Teaching is toil. Planning, grading, instructing, disciplining, assessing, reteaching, reassessing, re-reassessing–rinse and repeat. The struggle never ends. What’s worse is that you rarely see the fruit of your labor. For example, when’s the last time you felt a deep sense of completeness after planning a lesson? After teaching a lesson? After an assessment? After a school day? After a school year?
If you’re like me, you question the relevance of that analogy you used, the lesson structure you created, the questions you put on the test, the long-term plan you had or didn’t have. These questions haunt long after the students burst out the door after the bell. In the words of Emily Dickinson, “One need not be a Chamber—to be Haunted—One need not be a House—The Brain has Corridors—surpassing Material Place.”
For some, these haunted questions form the pillars of their perseverance. That unending lack of resolution is like a runner’s high: there’s an exhilaration in doing the good work of teaching, even if the end of the road is nowhere in sight. The lack of oxygen pushes us the extra mile—the second wind on the horizon. It’s in the journey, not the destination.
For others, these relentless questions lead to anxiety, burnout, or job resignation. Countless articles about the teacher shortage are case in point, but at the level of lived experience, on the ground, in the classroom, the existential burden of teaching lingers with us. We long for a second wind, but we can’t even breathe.
I was in this place several years ago—still am in some ways. I was in my third year of teaching while updating my resume, searching for jobs in publishing. The ex-teacher stories sounded so promising: “I was getting paid $40,000 per year to work 70+ hour weeks to be cussed out by middle schoolers, but now I make six figures selling real estate,” etc., etc.

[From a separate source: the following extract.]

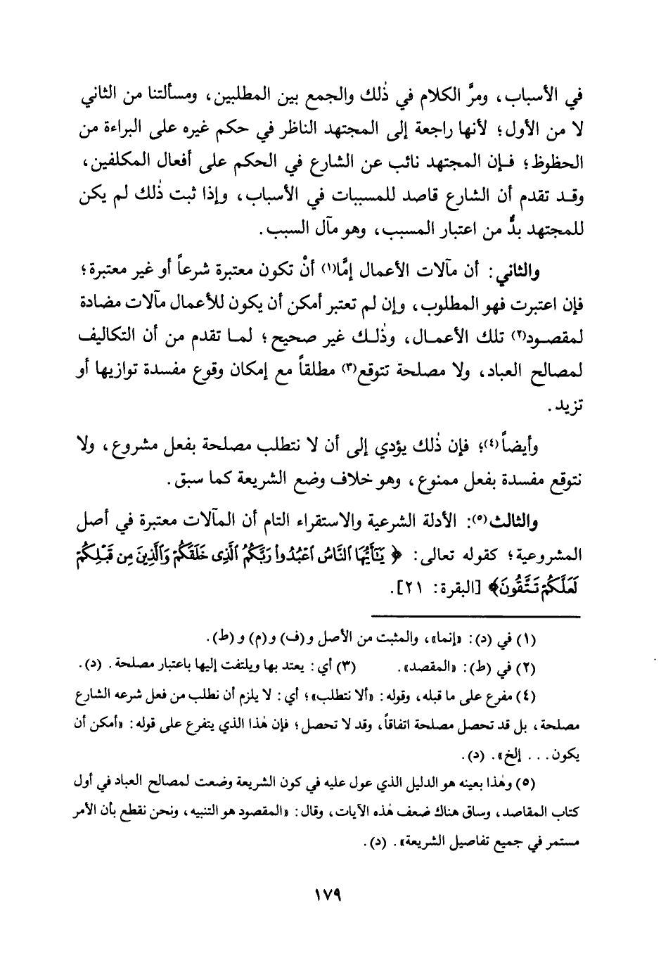 5 وهذا بعينه هو الدليل الذي عول عليه في كون الشريعة وضعت لمصالح العباد في أول كتاب المقاصد، وساق هناك ضعف هذه الآيات، وقال: "المقصود هو التنبيه، ونحن نَقْطَعُ بِأَنَّ الْأَمْرَ مُسْتَمِرٌّ فِي جَمِيعِ تَفَاصِيلِ الشريعة". "د".

Things started to turn around in my fifth year when I was selected to be an early Teaching for Transformation adopter at my school. Our school designer Pat Kornelis used the same opening circle at each quarterly training. We’d circle up as a group and, one-by-one, introduce ourselves by saying, “Hello, team.” But we didn’t get off that easy. After introducing ourselves, we’d hear a synchronous tidal wave of verbal acknowledgement: “Hi Cole, we’re glad you’re here.”
Early on, this practice annoyed my cool air of cynical detachment. Most of us introverts like to portray this distancing as a virtue, but it might just be our greatest vice. Too sentimental, we think. Silly school designer, we scoff.
But then this strange thing happened. This simple greeting got under my skin. Others were glad to see me, and I was glad to see them. The ritual stuck. The gift received. And eventually, it changed the way I greeted my students.
“The greatest gift you can give your students is your presence.”
This year, I’ve started my classes differently. Instead of having students work on some opening task and my taking attendance in the back or cramming in some last-minute prep, I go to each student, look them in the eye (some don’t look back), greet them by name, and tell them, “I’m glad you’re here.”
I value all our TFT principles and try to apply them faithfully in my classroom—Deep Hope, Storyline, Throughlines, and FLEx projects. But I often feel like I fall short, like I’m not making a real, kingdom difference, like I’m not doing enough.
And I’m not oblivious. I know some students scoff at the sentimentality of my Deep Hope. I see the visual “gag reflex” when students hear the word “storyline.”
But then, I come back to one simple truth: The greatest gift you can give your students is your presence.
Even when those haunting questions linger at the end of the day, I am comforted knowing that I told a student, “I’m glad you’re here.” But the truth is, I don’t do it every day. In a good week, maybe three times. There are learning objectives to accomplish, concepts to teach, totalitarian regimes to crumble, AP tests for which to prepare—all things I sometimes deem more important than the humans sitting in front of me.
But on the days I do greet them, I notice something small, but gravitational. The orbit of our shared orientation ticks toward true north, where the Bright Morning Star of the cosmos beckons us to the kingdom life of seeing and knowing one another, toward the Star of Bethlehem whose embodied gift of the incarnation beckons us to share in his fully God, fully human life. To let the game of grades and progress and college readiness fall by the wayside for a little while. To surrender the life of gain and to receive each other’s presence as a gift.
At its core, TfT isn’t about FLEx or Throughlines or Deep Hopes or Storylines. It’s about a way of being. It’s about embodying and reflecting the drama of God’s story–whatever microcosmic role we get to play.